**Exercise requirements:**
Nothing but the lines from the one containing "BOGO stands for" to the final line of the entries should appear, copied exactly and without pictures.
START Data
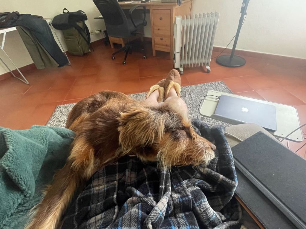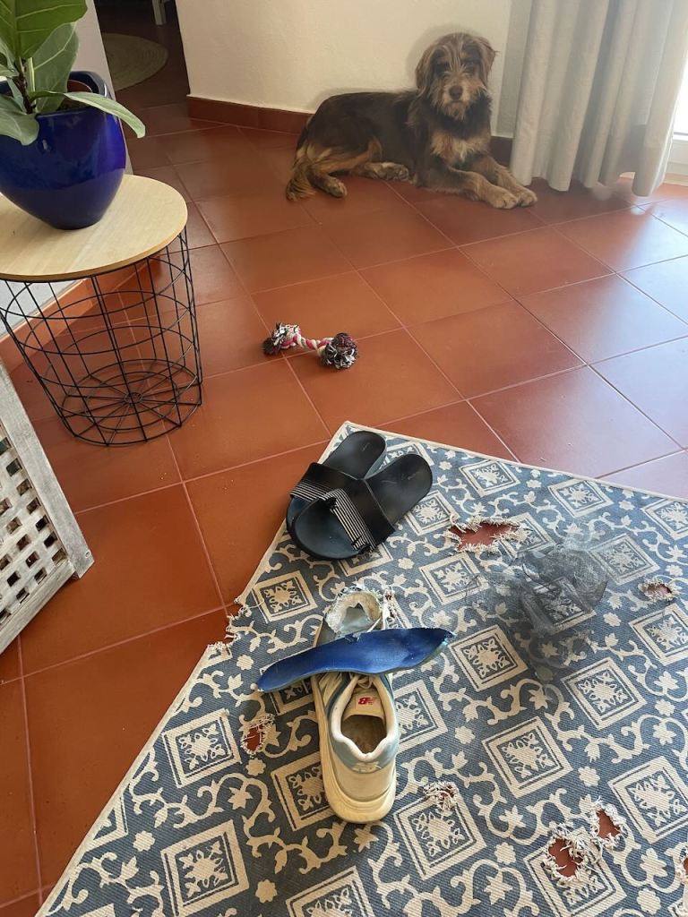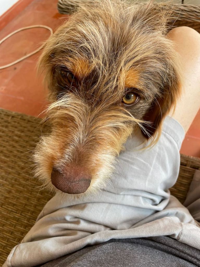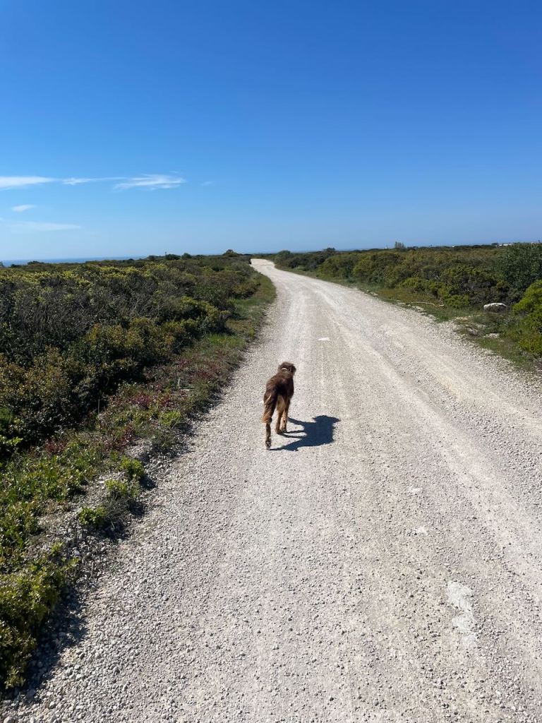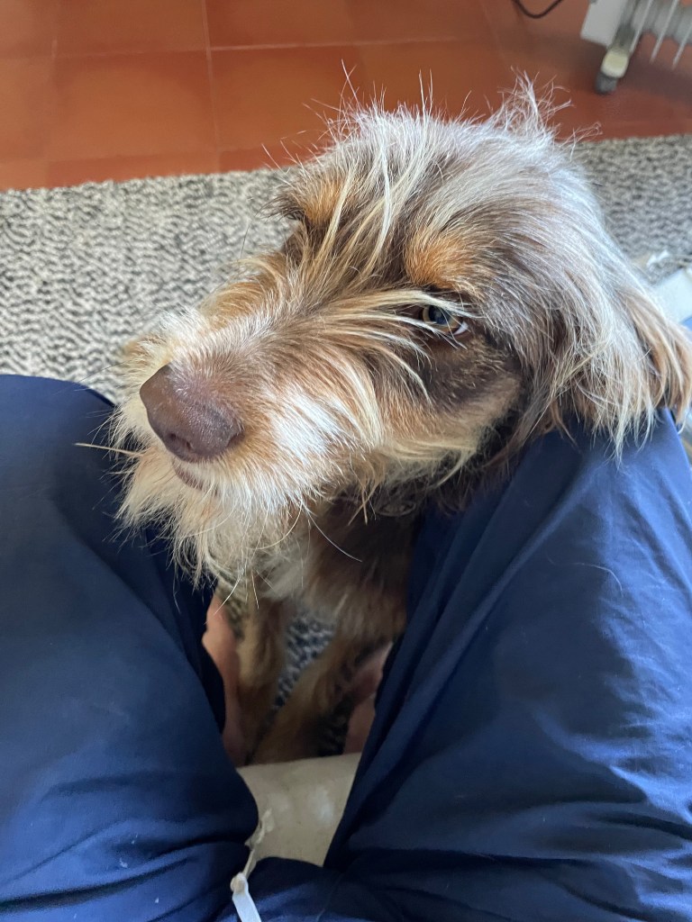 So now I have the best of all worlds. I have a dog who adores me, and vice versa, and who shows up in the morning and hangs out all day, then returns to her main home at night. Once in a while she’ll make it clear that she wants spend the night by refusing to even go outside. Since she gets fed at her other home in the morning, after I get up it’s not hard to get her to finally go up there. In this part of Portugal it’s not unusual for people to leave their dogs outside most of the time. I’m imagining that without me, Mel runs around the neighborhood with a bunch of teenage dog rabble-rousers trading doggie treat recipes and playing pranks on other homeowners by ringing the doorbells and then running away giggling. They probably also toilet paper trees and put lit firecrackers in mailboxes.
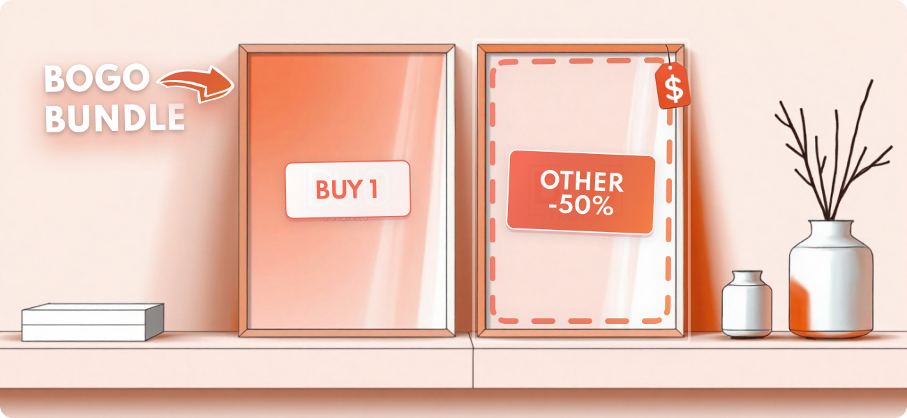 BOGO stands for "Buy One, Get One." This type of bundle typically prompts customers to purchase additional items to qualify for a discount or a bundle price. For example, buy 2 t-shirts, get 3rd for free, or get a sticker set for $3 when buying a hoodie.
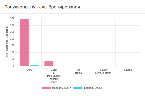 Диаграмма отображает количество бронирований из каналов продаж, которые были совершены за выбранные в фильтре периоды.
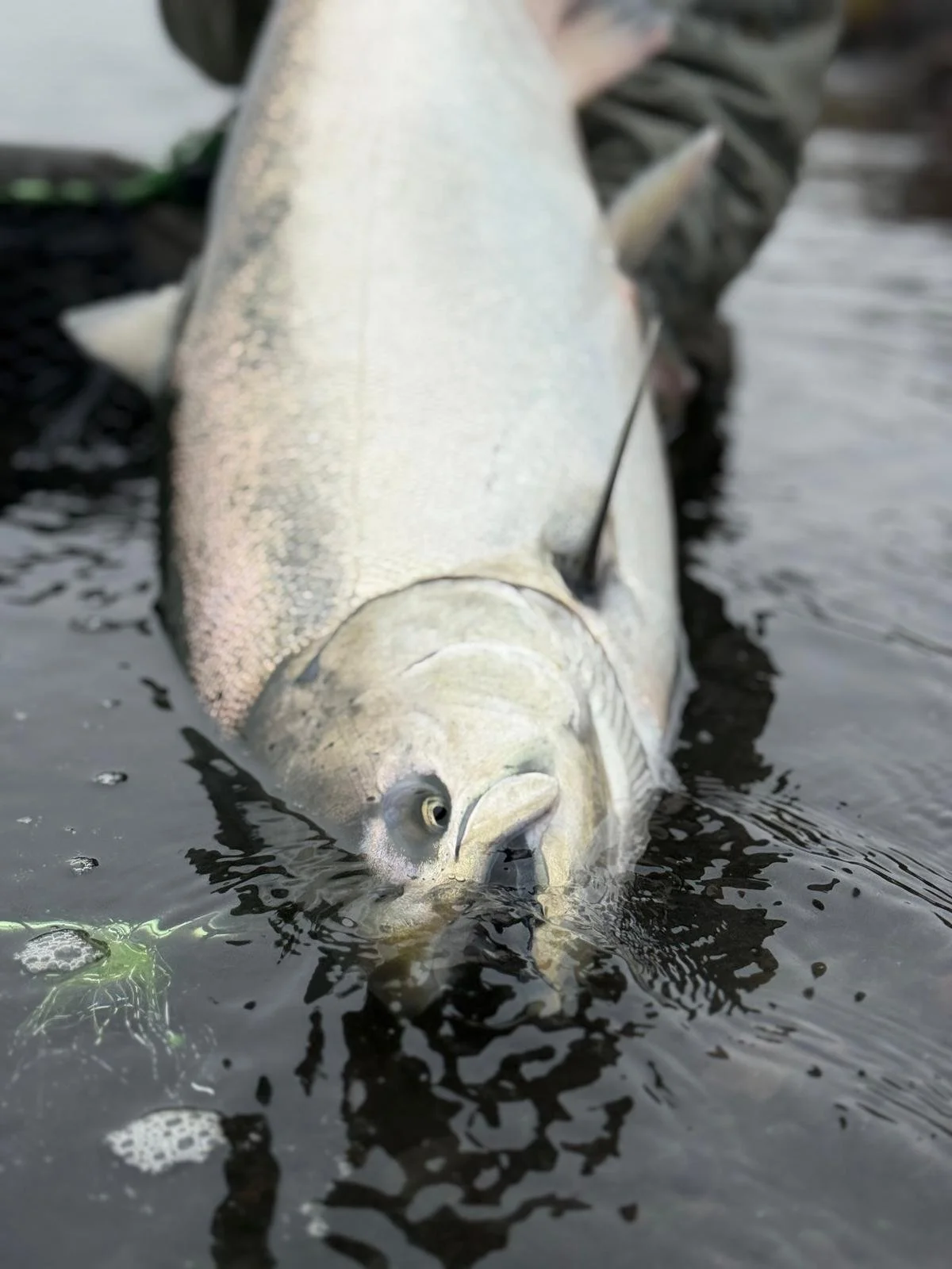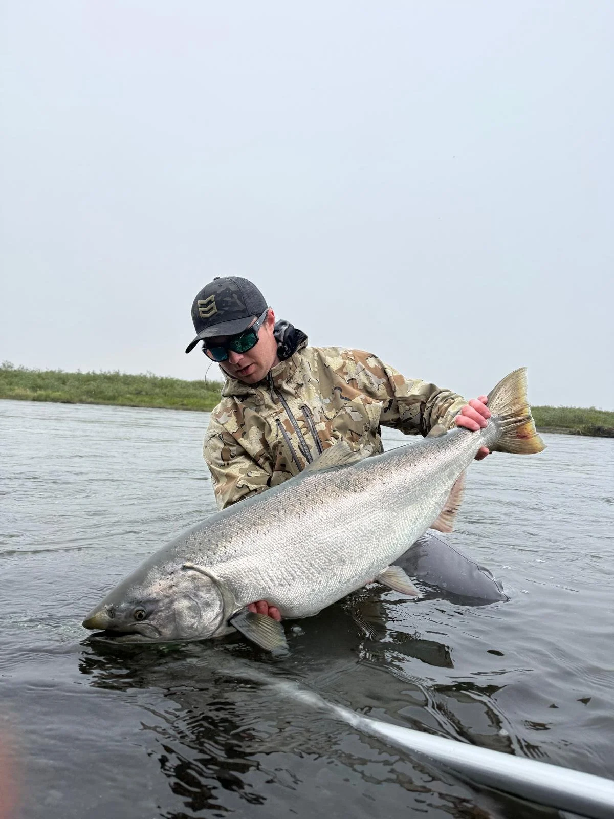 Enjoy Alaska’s premier Chinook (King) fishing on the Sandy River. Chrome-bright fish, just a short distance from saltwater, are super-abundant in June and July. You can fish over un-pressured Kings that take swung flies aggressively. The experts are calling the Sandy River one of the last great Chinook fisheries left in the world.
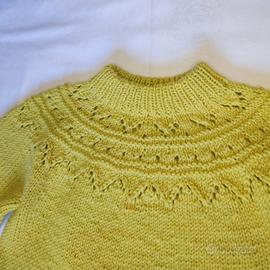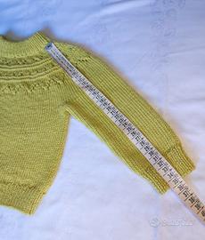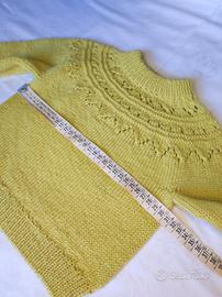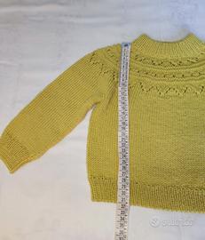 Maglioncino in lana merino fatto a mano ai ferri. Nuovo, mai usato. Taglia 2/3 anni, misure in foto.
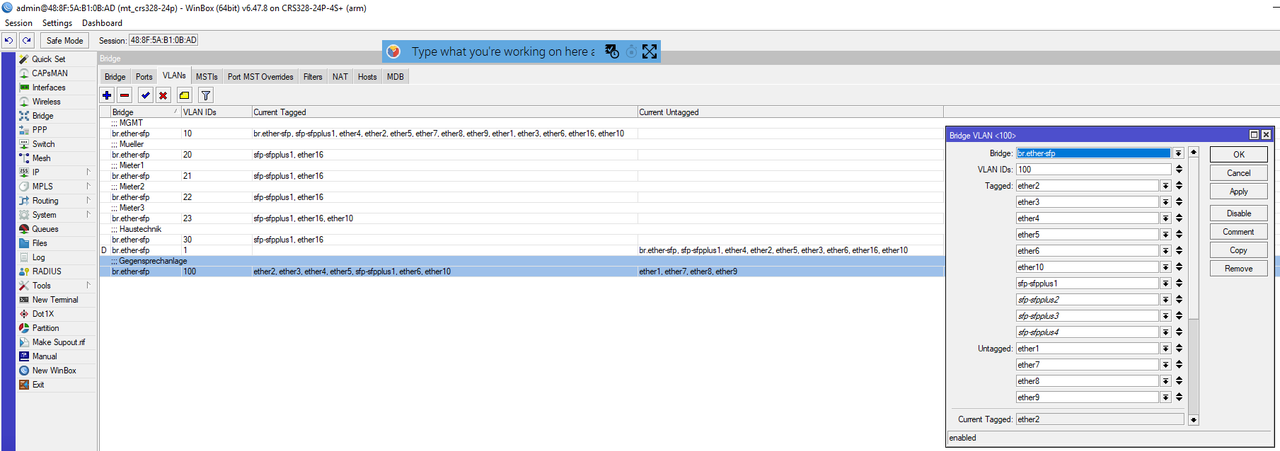 add bridge=br.ether-sfp comment=Gegensprechanlage\
END Data
**Output for this task:**
 BOGO stands for "Buy One, Get One." This type of bundle typically prompts customers to purchase additional items to qualify for a discount or a bundle price. For example, buy 2 t-shirts, get 3rd for free, or get a sticker set for $3 when buying a hoodie.
 Диаграмма отображает количество бронирований из каналов продаж, которые были совершены за выбранные в фильтре периоды.
 Enjoy Alaska’s premier Chinook (King) fishing on the Sandy River. Chrome-bright fish, just a short distance from saltwater, are super-abundant in June and July. You can fish over un-pressured Kings that take swung flies aggressively. The experts are calling the Sandy River one of the last great Chinook fisheries left in the world.
 Maglioncino in lana merino fatto a mano ai ferri. Nuovo, mai usato. Taglia 2/3 anni, misure in foto.
 add bridge=br.ether-sfp comment=Gegensprechanlage\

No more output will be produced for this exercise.